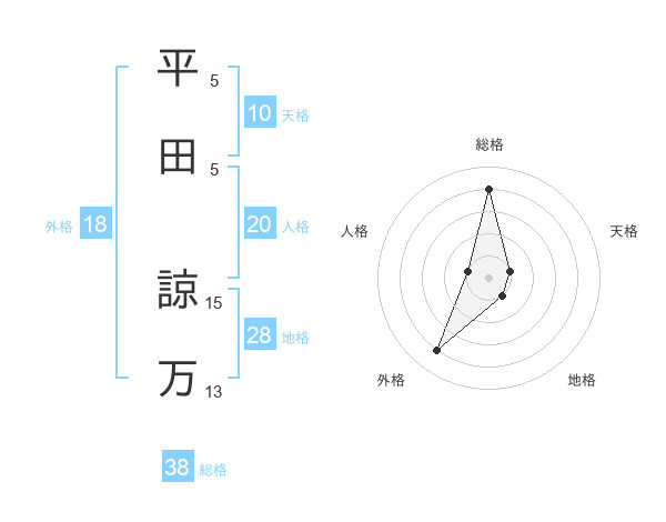 平田 諒万さんの総格は38画の4点!
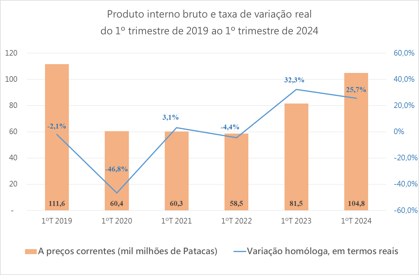 No primeiro trimestre de 2024 o Produto Interno Bruto (PIB) aumentou anualmente 25,7% em termos reais, com a recuperação a equivaler a 87,2% do volume económico do mesmo período de 2019, devido ao crescimento contínuo das exportações de serviços e à estabilização do consumo privado e da formação bruta de capital fixo, que impulsionaram a contínua recuperação económica de Macau. Salientam-se os aumentos de 62,7% nas exportações de serviços do jogo e de 14,8% nas exportações de outros serviços turísticos, bem como o acréscimo de 3,4% na procura interna (incluindo a despesa de consumo privado, a despesa de consumo final do governo e os investimentos). O deflactor implícito do PIB (106,8), que mede a variação global de preços, aumentou 2,3% em termos anuais, informam os Serviços de Estatística e Censos (DSEC).
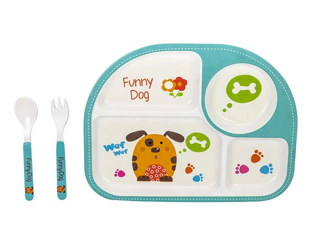 Легкая, прочная, яркая гипоаллергенная посуда из натурального материала. Бамбуковое волокно получают путем измельчения стеблей и листьев, посуду из него делают методом прессования. Бамбук выращивается без использования химических удобрений, на производстве сырье обрабатывается паром. Картинки – мотивы с собачкой – нанесены пищевыми красками, безопасными для здоровья ребенка. В отличие от стеклянной или керамической посуды, бамбуковая не разобьется и не расколется при падении. Бамбуковая посуда выдерживает частое мытье, в том числе в посудомоечной машине, но ее не рекомендуется на долгое время замачивать в воде и использовать в микроволновой печи.
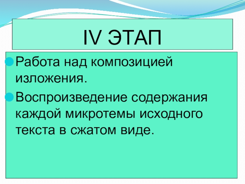 IV ЭТАПРабота над композицией изложения.Воспроизведение содержания каждой микротемы исходного текста в сжатом виде.
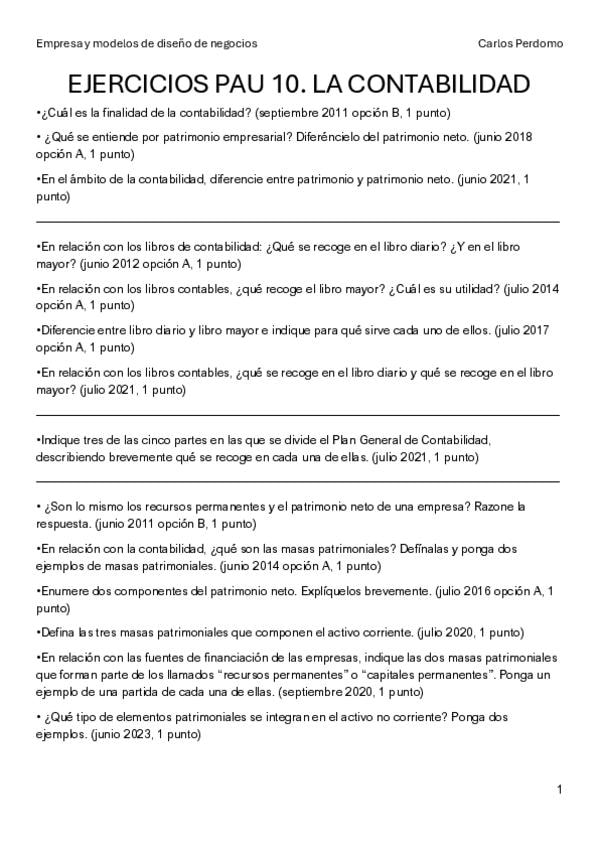 Ejercicios PAU de años anteriores del tema 10 La contabilidad de Empresa y modelos de diseño de negocios
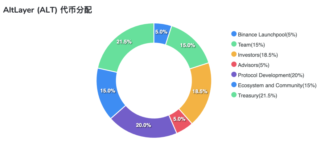 ALT 的总供应量为 10,000,000,000 ALT;币安 Launchpool 发行量为 500,000,000 ALT,占总供应量的 5%;团队分配量为 1,500,000,000 ALT,占总供应量的 15%;投资者分配量为 1,850,000,000 ALT,占总供应量的 18.5%;顾问分配量为 500,000,000 ALT,占总供应量的 5%;协议开发分配量为 2,000,000,000 ALT,占总供应量的 20%;生态系统和社区分配量为 1,500,000,000 ALT,占总供应量的 15%;财库分配量为 2,150,000,000 ALT,占总供应量的 21.5%。
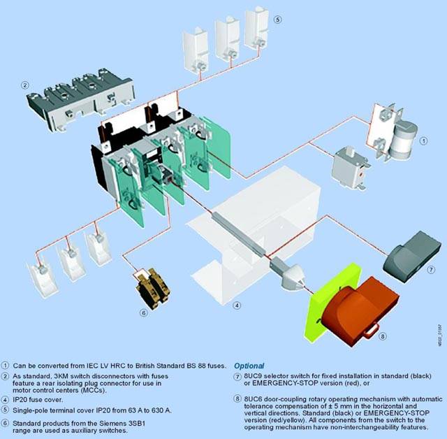 ДизайнВсе разъединители нагрузки конструктивно имеют двойное прерывание контактов и разрыв. Тем самым в состоянии ОТКЛ. предохранители разъединителя обесточены. Разъединители-предохранители 3KM дополнительно оснащаются планкой с разъединяющими контактами. Это облегчает монтаж и соединение в шкафах управления двигательными нагрузками (MCC) в сочетании с вертикальными сборными шинами. Как правило, все разъединители нагрузки SENTRON 3K. 5 с помощью навесного замка можно заблокировать от несанкционированного повторного включения. Унифицированные аксессуары к разъединителям с предохранителями и без них SENTRON 3KA, 3KL и 3KM упрощают ведение склада. Для использования в целлюлозно-бумажной промышленности по запросу поставляются также специальные исполнения с пониженными параметрами, особо устойчивые к условиям с большим содержанием серы. |

What is needed »
An exact copy of the material above is required, free of any pictures.

The completed task »
 平田 諒万さんの総格は38画の4点!
 No primeiro trimestre de 2024 o Produto Interno Bruto (PIB) aumentou anualmente 25,7% em termos reais, com a recuperação a equivaler a 87,2% do volume económico do mesmo período de 2019, devido ao crescimento contínuo das exportações de serviços e à estabilização do consumo privado e da formação bruta de capital fixo, que impulsionaram a contínua recuperação económica de Macau. Salientam-se os aumentos de 62,7% nas exportações de serviços do jogo e de 14,8% nas exportações de outros serviços turísticos, bem como o acréscimo de 3,4% na procura interna (incluindo a despesa de consumo privado, a despesa de consumo final do governo e os investimentos). O deflactor implícito do PIB (106,8), que mede a variação global de preços, aumentou 2,3% em termos anuais, informam os Serviços de Estatística e Censos (DSEC).
 Легкая, прочная, яркая гипоаллергенная посуда из натурального материала. Бамбуковое волокно получают путем измельчения стеблей и листьев, посуду из него делают методом прессования. Бамбук выращивается без использования химических удобрений, на производстве сырье обрабатывается паром. Картинки – мотивы с собачкой – нанесены пищевыми красками, безопасными для здоровья ребенка. В отличие от стеклянной или керамической посуды, бамбуковая не разобьется и не расколется при падении. Бамбуковая посуда выдерживает частое мытье, в том числе в посудомоечной машине, но ее не рекомендуется на долгое время замачивать в воде и использовать в микроволновой печи.
 IV ЭТАПРабота над композицией изложения.Воспроизведение содержания каждой микротемы исходного текста в сжатом виде.
 Ejercicios PAU de años anteriores del tema 10 La contabilidad de Empresa y modelos de diseño de negocios
 ALT 的总供应量为 10,000,000,000 ALT;币安 Launchpool 发行量为 500,000,000 ALT,占总供应量的 5%;团队分配量为 1,500,000,000 ALT,占总供应量的 15%;投资者分配量为 1,850,000,000 ALT,占总供应量的 18.5%;顾问分配量为 500,000,000 ALT,占总供应量的 5%;协议开发分配量为 2,000,000,000 ALT,占总供应量的 20%;生态系统和社区分配量为 1,500,000,000 ALT,占总供应量的 15%;财库分配量为 2,150,000,000 ALT,占总供应量的 21.5%。
 ДизайнВсе разъединители нагрузки конструктивно имеют двойное прерывание контактов и разрыв. Тем самым в состоянии ОТКЛ. предохранители разъединителя обесточены. Разъединители-предохранители 3KM дополнительно оснащаются планкой с разъединяющими контактами. Это облегчает монтаж и соединение в шкафах управления двигательными нагрузками (MCC) в сочетании с вертикальными сборными шинами. Как правило, все разъединители нагрузки SENTRON 3K. 5 с помощью навесного замка можно заблокировать от несанкционированного повторного включения. Унифицированные аксессуары к разъединителям с предохранителями и без них SENTRON 3KA, 3KL и 3KM упрощают ведение склада. Для использования в целлюлозно-бумажной промышленности по запросу поставляются также специальные исполнения с пониженными параметрами, особо устойчивые к условиям с большим содержанием серы. |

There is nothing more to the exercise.